In Curtin University’s 50th year Vice Chancellor Terry looks forward. “In twenty to 30 years we will be a major internationally engaged global university,” she told CMM. IT might be sooner. In August Curtin cracked the 200 barrier in the ARWU research ranking, up from the 400-500 band in 2013. This reflects the Curtin approach, quietly calibrated for long term objectives – that Curtin now has WA’s second public university medical school is not chance. Neither are (relatively) good relations with the NTEU. Of course, Professor Terry is fortunate that the university has broad acres to turn into profitable real estate, (a site not much smaller than lower Manhattan) – but so do other WA universities which have not done as much.
The chief executive of the Group of Eight is a warrior-intellectual, a fierce believer in elite education and happy to take on anybody who does not share her belief in the transformative power of research and teaching. Her positions extend well beyond the Group of Eight’s immediate interests, she argues that the values of education are under attack from populists and that the primacy of research is assaulted by the ignorant. She is also a formidable networker with an eye for international arrangements that advance the cause of knowledge.

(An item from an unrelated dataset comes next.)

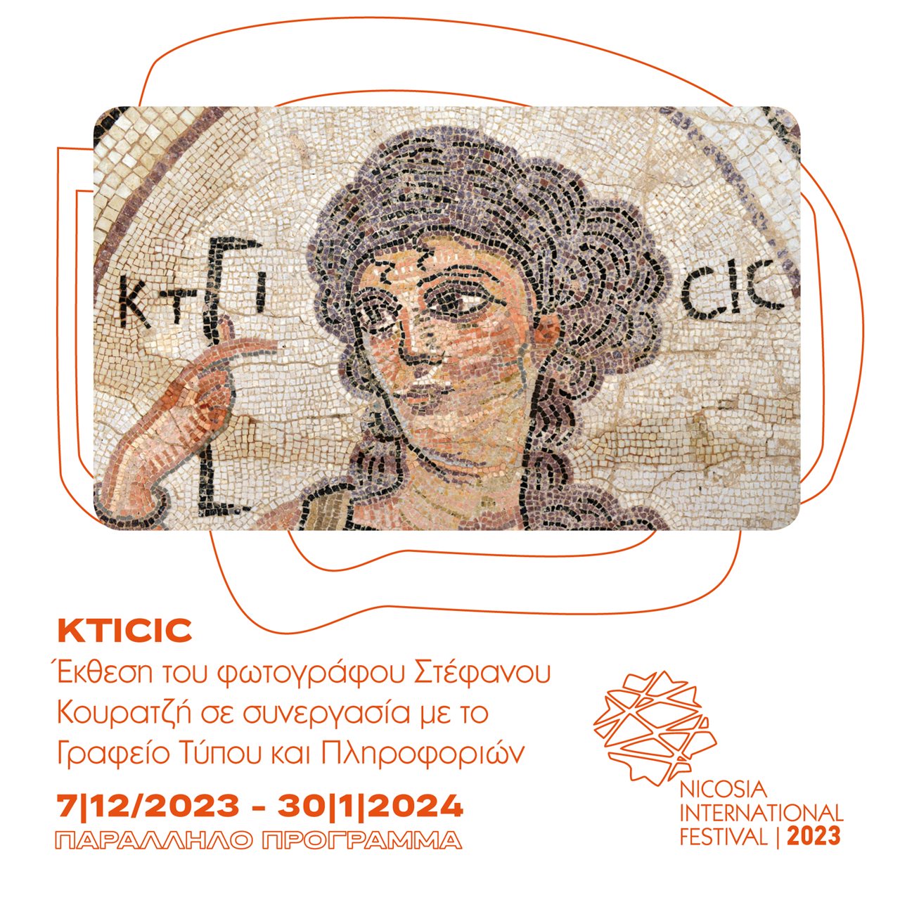 Σε συνέχεια της επιτυχούς παρουσίασης της φωτογραφικής έκθεσης «ELLE», τόσο στο Διεθνές Φεστιβάλ Λευκωσίας 2022 όσο και στο εξωτερικό, το Γραφείο Τύπου και Πληροφοριών διοργανώνει τη φωτογραφική έκθεση με τίτλο «ΚΤΙΣΙΣ» (KTICIC), η οποία παρουσιάζεται από τις 7 Δεκεμβρίου 2023, στο Δημοτικό Θέατρο Λευκωσίας, στο πλαίσιο του Διεθνούς Φεστιβάλ Λευκωσίας 2023.

“Free videos+free ebooks = better education,” says the associate dean for education in UNSW’s science faculty. To prove his point Professor Tisdell’s YouTube learn-maths channel cracked 50 000 in May, there are 56 000 now. Enough said.
Marnie Hughes Warrington
CMM called her the “Pepys (without the prurience) of ANU” for her chronicle of the rebuilding of ANU’s campus. The university’s DVC A also writes a second series on managing universities, which is rich in insight and deeply respectful of the work that keeps the lights on, classes happening and people satisfied at work. Professor Hughes Warrington is an historian of ideas and as such obviously understands that everything about universities is interesting, you just need to recognise the challenges.
Lily Xiao and colleagues Michael Cox and Sue Stoecker
The MOOC has enormous community-service potential. Lily Xiao and her colleagues demonstrate this in their Flinders U course, via OpenLearning, on cross-cultural aged care – intended to help consumers and the 30 per cent of industry workers who come non English-speaking backgrounds. Like MOOCs on dementia (UTas) and diabetes (Curtin U), weight loss (UniNewcastle) and mindfulness (Monash U), this is a brilliant way of targeting training and empowering people to take control of issues in their lives. Yes, for-fee digital delivery is going to change how universities teach but the MOOC will extend the benefits of research and teaching across society. Attention DVCs Engagement: want to demonstrate what your academics can do for the community? Get them moving on MOOCs.
Ms Zimmerman is a 30-year veteran of international education and the industry association says her work is “best practise” and her leadership, “is characterised by collaboration, partnership and advocacy.” She is a long-serving Navitas executive but moves comfortably in private and public sector governance and export focused advisory and education agencies. Australia’s grasp of what its education system can accomplish for the world has changed since Ms Zimmerman was a young English-language teacher – she has played an important role in making that happen.